Smarter clients recognise that INBOX is the top level namespace (there’s a facility in the protocol to discover namespaces), and transplant the subfolders to the top level. The FastMail web interface is one of these. But ALLCAPS INBOX is kind of ugly, so the FastMail interface also chose to translate INBOX to Inbox and back again. Then users also wanted to still be able to have subfolders of Inbox the way they can have subfolders of anything else:


So we made the interface show INBOX.Inbox.ProjectX as a subfolder of Inbox, and everyone was happy. For a while…

Alt Namespace

I’ve written about altnamespace a bit already in the cross domain sharing post.

The alternative namespace presents the user’s top level folders alongside INBOX rather than as inferiors. It’s a configuration option to Cyrus IMAPd which was released in the early 2000s, after had already made our choice of configuration.

We already offer altnamespace on a separate port (992) and recommend port 992 for some clients because they are buggy with INBOX as the namespace prefix.

Until recently, Cyrus IMAPd’s handling of INBOX subfolders via Alt Namespace has been very problematic.
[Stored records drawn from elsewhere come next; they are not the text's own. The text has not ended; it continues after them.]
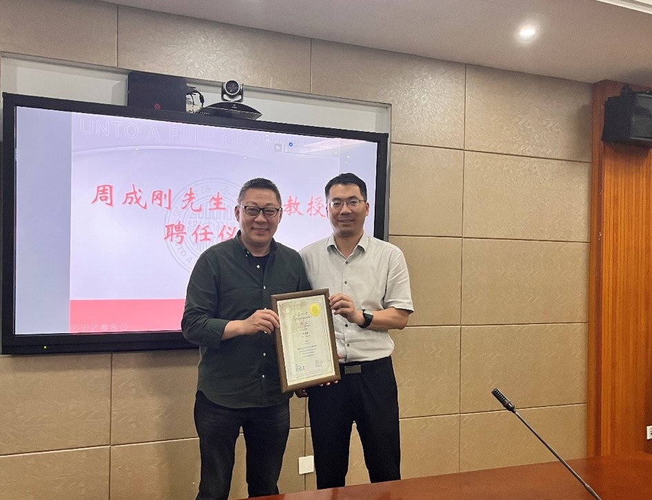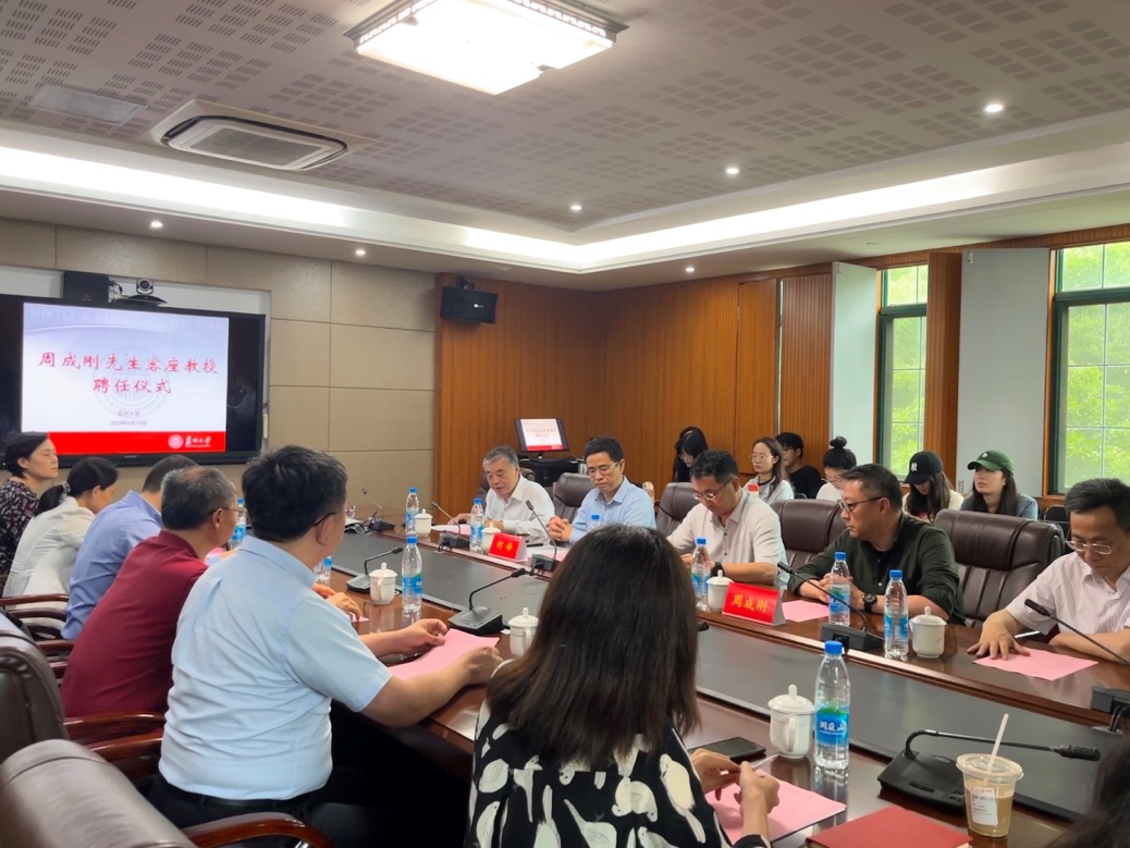 2023年6月19日下午,周成刚先生苏州大学客座教授聘任仪式在苏州大学外国语学院隆重举行。本次聘任仪式由苏州大学外国语学院院长朱新福教授主持,校党委常委、副校长李孝峰、人力资源处何峰处长、外国语学院党政领导班子成员及师生代表等出席了聘任仪式。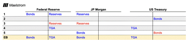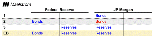 [2]: The Fed conducts a round of QE by purchasing bonds from JP Morgan.
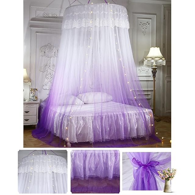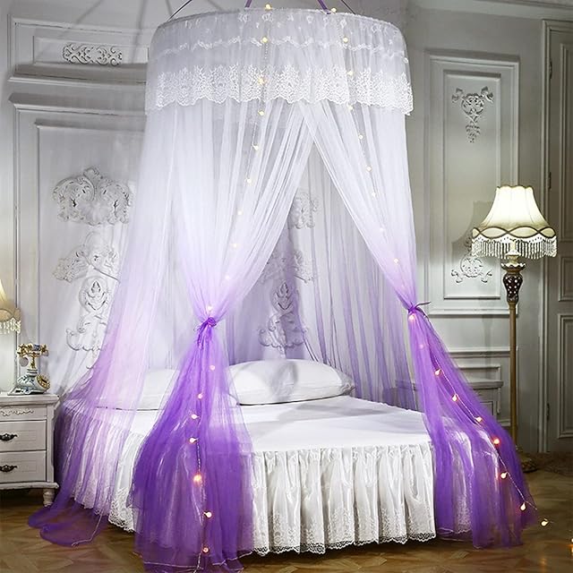 Yangweng 蚊帳 天蓋 吊り下げタイプ 天蓋カーテン 防蚊 昆虫防ぐ 円形蚊帳 ベッドカーテン 部屋飾り モスキートネット 大人用 赤ちゃん用 お姫様 ベッド ソファ 畳 取り付け簡単 LEDライト付き 人気 おしゃれ パープル ベッド幅1.5m
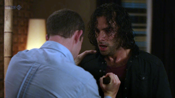Toby Whithouse is evil. Not for killing off Mitchell, but for toying with us, like a cat teasing a mouse before pouncing on it. We all kinda guessed Mitchell’s time was up; not only because of news stories about Aidan Turner flying off the New Zealand to film The Hobbit , but also because that was where the story seemed to be inexorably heading. But in that long last scene, first it looks like he is going to die, then it looks like he’s saved, and then wham! George, his best friend drives a stake through his heart, because, sniff, he loves him. If you were on Twitter that night following the #bringhuman conversation that night you’ll know that fans must have worn out the “o” buttons on their keyboards, typing, “Nooooooooooooooooooooooooooooooooo!”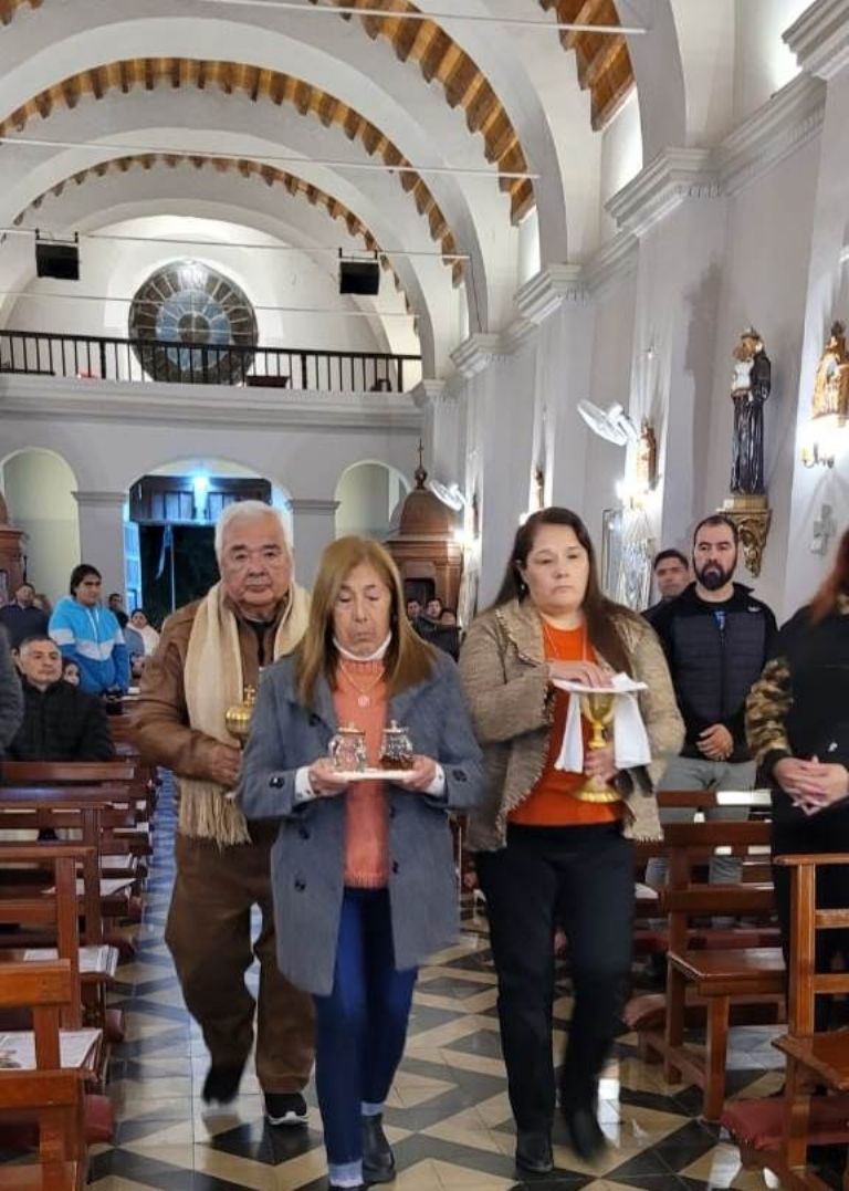 La ceremonia litúrgica que se realizó en la tarde del jueves 13, fue presidida por el párroco, padre Carlos Robledo, y participaron especialmente las autoras de la prenda, la reconocida telera oriunda de la tierra del Beato Mamerto Esquiú Guillermina Zárate y sus hijas Mónica y Andrea Aguilar, quienes realizaron esta ofrenda a nuestro querido Beato.

You could wind up with duplicate INBOX folders and broken listings, which was a reason for not making it the default for new users.
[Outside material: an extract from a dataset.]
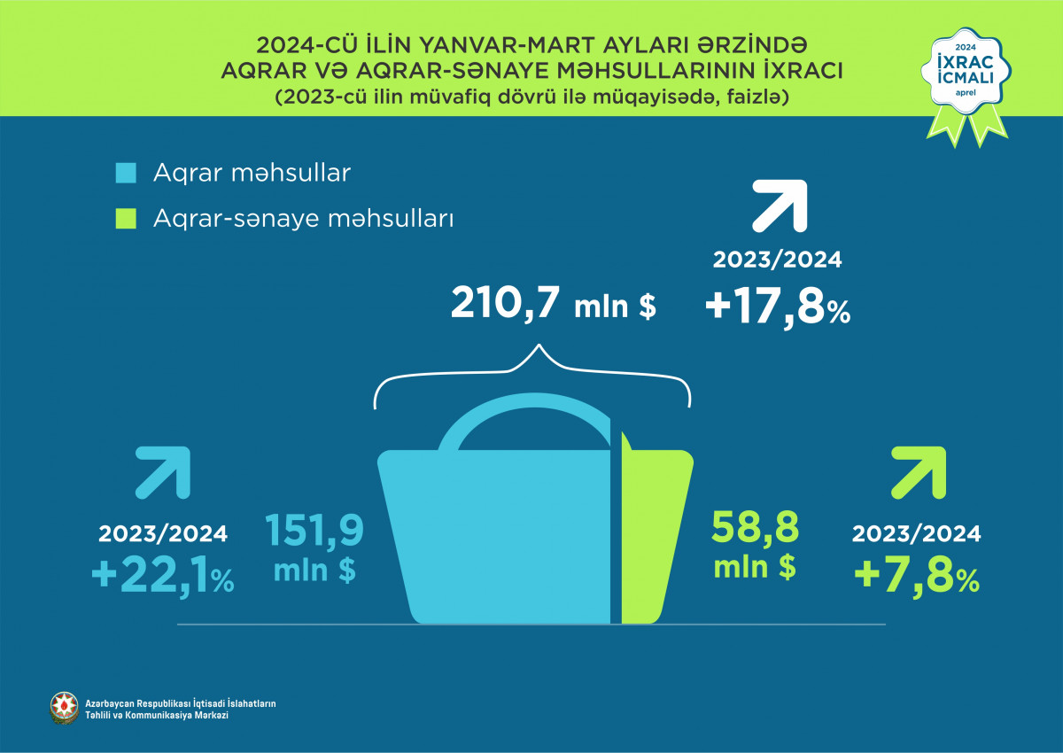2024-cü ilin ilk rübü ərzində aqrar və aqrar-sənaye məhsulları üzrə birgə ixracın statistik dəyəri 17,8% artaraq 210,7 milyon ABŞ dolları təşkil edib. Qeyri-neft/qaz ixracının tərkib hissəsində əhəmiyyətli yer tutan aqrar-sənaye məhsullarının yaratdığı dəyər 7,8% artaraq 58,8 milyon ABŞ dolları olub.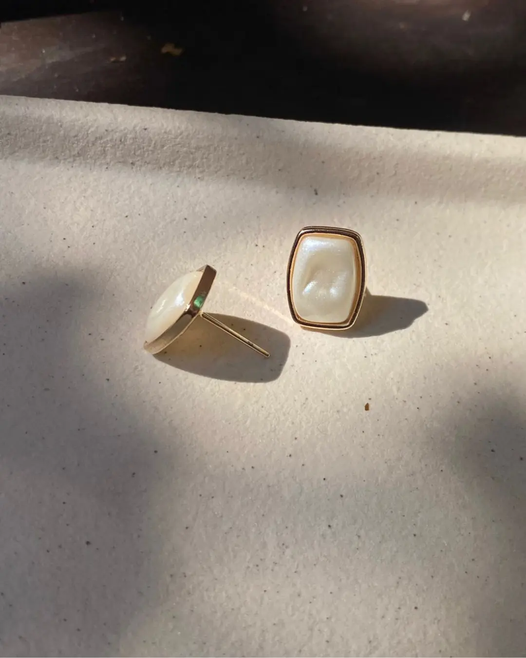 Brinco Fixo Retangular com Pedra Resinada

I spent a lot of time workshopping our options, and in the end the RFC requirement that ALLCAPS INBOX had to match LIST and the fact that every other server always returns it as INBOX in that case convinced me that the folders really had to be subfolders of ALLCAPS INBOX, rather than using Inbox as the name. Also, any other spelling of INBOX needed to not be allowed at the top level, because of the case insensivity rule.

So I created another prefix, "Alt Folders" (actually it’s configurable), and names which won’t be valid at the top level get translated under there. You can read more about exactly how the name mappings work in my mailing list post written at the time.

This was the right choice, the compatible choice, everything good – except…

The choices of the past

Unfortunately, all the FastMail users’ subfolders of Inbox in the web interface are INBOX.Inbox.foo, not INBOX.INBOX.foo, because we chose that to be prettier back when we first implemented the option.

We could have built more layers of hacks on top of this, but the right answer is to rename those folders to be INBOX.INBOX.foo so they appear to the IMAP client as INBOX/foo rather than Alt Folders/Inbox/foo.

There is now a per-account hidden setting inside the FastMail client so that the web interface uses the INBOX.INBOX path for Inbox subfolders, and we are migrating users over and renaming their folders as we go. All users without subfolders and new accounts will be switched first, and then the users who require folder renames will be done.

The most complex cases are a handful of users who have folders both called INBOX.INBOX.foo and INBOX.Inbox.foo in their account. A naive rename will fail in those cases, and we may wind up contacting these users individually.